To solve this, I propose that tournament matches have scenario objectives that are equal too, or out weigh the value of destroyed ships. After all, few battles are fought just to inflict casualties, there is usually something else at stake. Many of the current scenarios have a single 100 point objective over the course of the game; I believe that higher points gained over the course of the game with lead to more interesting matches and possibly, more variety in fleet design (especially as more specialized ships are released over the coming months and years).
As for drone spamming, although elegant in its way, doing away with IDF crew checks will destroy the effectiveness of the plasma races and ultimately force a rebalance of most of the ships in the game; this is not an acceptable solution. Frankvas suggested to me the answer that I believe is correct: errata the heavy drone ships (small ships with 3+ drones and medium ships with 4+ drones, etc.) to add firing arcs for the drones. This prevents overwhelming drones at range from one direction, which encourages drone ships to mix it up to achieve firepower against the enemy’s fleet.
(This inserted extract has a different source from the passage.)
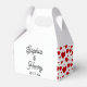 Ces élégants ballotins de typographie noir avec un motif de coeur rouge sur les côtés font l'addition parfaite à n'importe quel de vos événements mariages! Personnalisez avec les noms des mariés et des mariés et la date du mariage.

The ~100 point ships could have 3 drones F, S, P (and be at somewhat reduce points), the mid range ships could be at F, S, P, A and F, S, P, T at a little higher points and the ships with more then four drones would have 1 each in F, S, P, A and all the rest as T. This is a simulated (but untested!) solution that would, no doubt, require a little bit of tweaking.
I hope that someone tries drone spamming at this first major tournament so that all of the best minds can take a crack at the issue and I hope that whatever changes, if any, can be made by errata early to help this game achieve the grand success that it richly deserves.